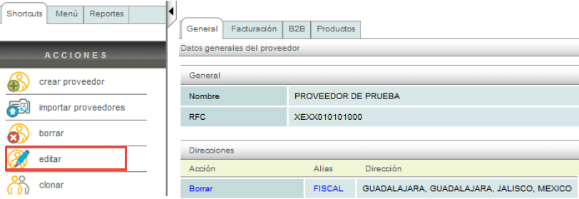 Una vez registrado su proveedor usted puede realizar varias actividades, dentro del menú Acciones como editar, borrar o clonar a dicho proveedor, así mismo dentro del panel principal podrá encontrar algunas acciones a realizar. A continuación le indicaremos el uso de cada una de ellas.
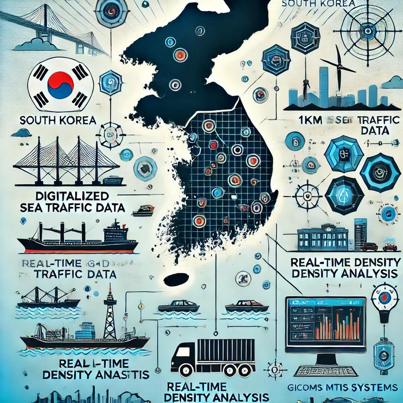 빅데이터를 활용한 해상교통 정보 해상교통망 정보는 5년 8개월 동안 수집된 선박 관련 공공 빅데이터를 기반으로 구축되었다. 약 41만 개의 격자(1km x 1km)로 구성된 데이터를 통해 연안 해역의 교통 밀집도를 시각적으로 확인할 수 있다. 이 데이터는 해양안전종합정보시스템(GICOMS)과 해양교통안전정보시스템(MTIS)을 통해 제공된다.
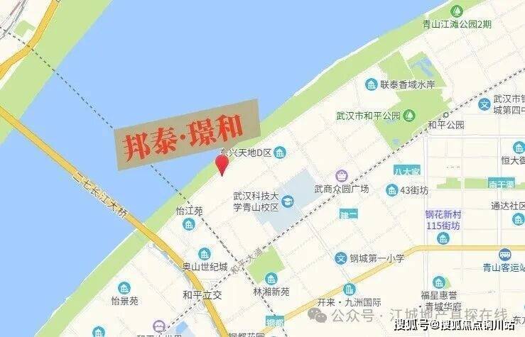 邦泰·璟和坐落于武汉青山区临江大道与三弓路交汇处,是青山滨江板块中兼具景观稀缺性与交通效率的关键地块。项目直面长江,拥有连续、开阔的一线无遮挡江景界面,这使其显著区别于传统城区内部楼盘。同时临江大道的城市主干道属性,也为项目带来了快速通达的交通优势,实现了“观江”与“出勤”的双重价值。
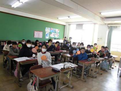3月15日(金)なないろタイムの時間に6年2組にお礼のメダルを届けに行きました。切り紙を画用紙に貼ってラミネートして作りました。1人1人の首にかけてあげたり,手渡したりしました。担任の先生にもプレゼントしました。
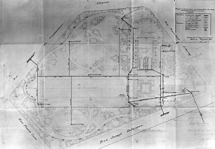 Square de la Touche, plan du réseau hydrolique, par Winter ingénieur horticole (A. C. Rennes : 5 Fi 117)Immatriculation
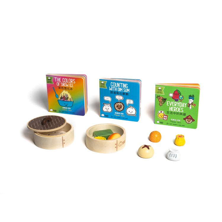 Bundle and purchase 3 Bitty Bao books (Counting with Dim Sum, Colors of Snow Ice, and Everyday Heroes) plus our Bitty Bao wooden dim sum toy in one click!
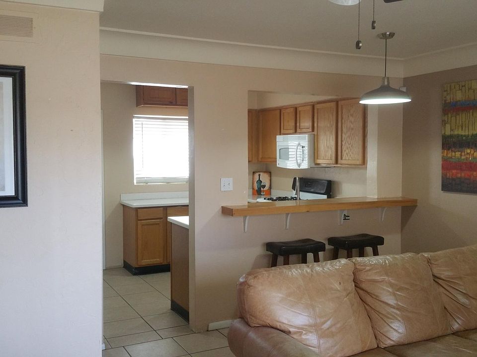 Just 1 block from both the UofA campus and the Banner University Medical Center. Two bedroom, 1 bath. Living room, kitchen, all new appliances. Nice ! Enjoy your own space ! Includes reserved (your own driveway) parking, private fenced patio, air conditioning, your own washer and dryer, built-in microwave, and dishwasher. Off-street parking. This rental has many extras and a great campus location. Equal Housing Opportunity. This rental is the larger unit of a residential 1-story red brick duplex in the historic North University neighborhood. Owner/agent.
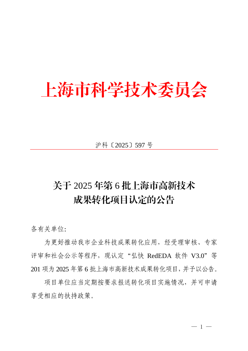 为更好推动我市企业科技成果转化应用,经受理审核、专家评审和社会公示等程序,现认定“弘快RedEDA软件V3.0”等201项为2025年第6批上海市高新技术成果转化项目,并予以公告。
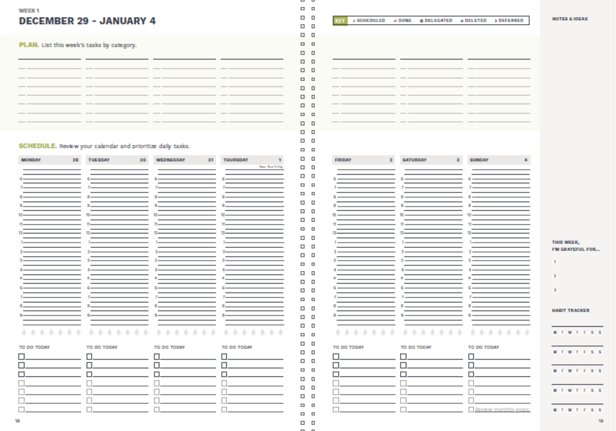 - Unique 2-page weekly layout
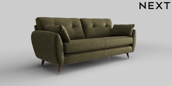 6.12.1 Buy Wilson Buttoned Back 3 Seater Sofa Plush Chenille Moss Green Low Retro Tapered Metal Cap - Mid from the Next UK online shop Click here to use our accessible website
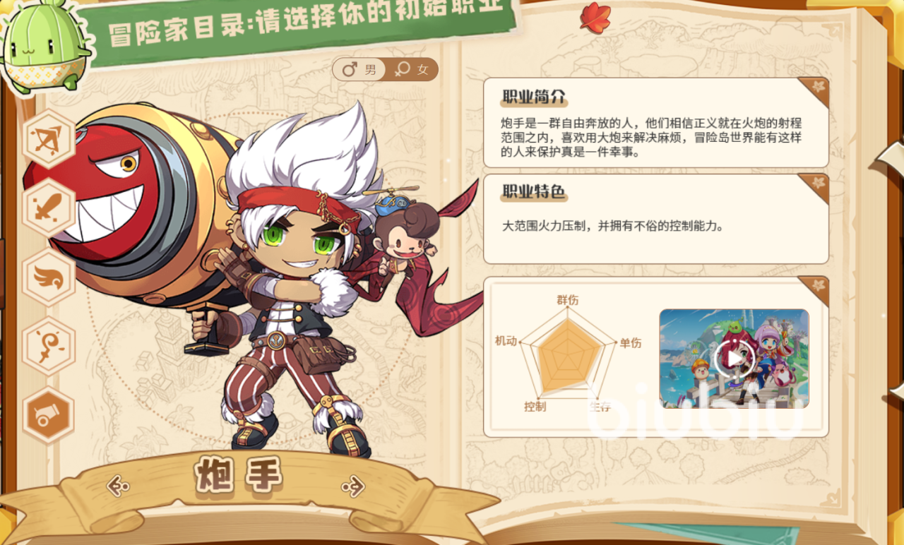 接下来介绍的是炮手,炮手作为远程物理输出职业,和弓手最大的区别就在于他拥有控制手段,并且他的群攻手段也比弓手要丰富,炮手是五个职业里面控制能力最强的,在打某些特定副本的时候如果炮手可以控制住boss通关将事半功倍,他的技能主要是远程的眩晕和中等输出技能,论单体输出他的伤害量不敌飞侠和弓手,能担当队伍里的副C。
# # # #
## TASK BRIEF
Print the lines from the beginning of the records up to and including the line containing "3月15日(金)なないろタイ", word for word, with no pictures.

## OUTPUT FOR THIS EXERCISE
 Una vez registrado su proveedor usted puede realizar varias actividades, dentro del menú Acciones como editar, borrar o clonar a dicho proveedor, así mismo dentro del panel principal podrá encontrar algunas acciones a realizar. A continuación le indicaremos el uso de cada una de ellas.
 빅데이터를 활용한 해상교통 정보 해상교통망 정보는 5년 8개월 동안 수집된 선박 관련 공공 빅데이터를 기반으로 구축되었다. 약 41만 개의 격자(1km x 1km)로 구성된 데이터를 통해 연안 해역의 교통 밀집도를 시각적으로 확인할 수 있다. 이 데이터는 해양안전종합정보시스템(GICOMS)과 해양교통안전정보시스템(MTIS)을 통해 제공된다.
 邦泰·璟和坐落于武汉青山区临江大道与三弓路交汇处,是青山滨江板块中兼具景观稀缺性与交通效率的关键地块。项目直面长江,拥有连续、开阔的一线无遮挡江景界面,这使其显著区别于传统城区内部楼盘。同时临江大道的城市主干道属性,也为项目带来了快速通达的交通优势,实现了“观江”与“出勤”的双重价值。
3月15日(金)なないろタイムの時間に6年2組にお礼のメダルを届けに行きました。切り紙を画用紙に貼ってラミネートして作りました。1人1人の首にかけてあげたり,手渡したりしました。担任の先生にもプレゼントしました。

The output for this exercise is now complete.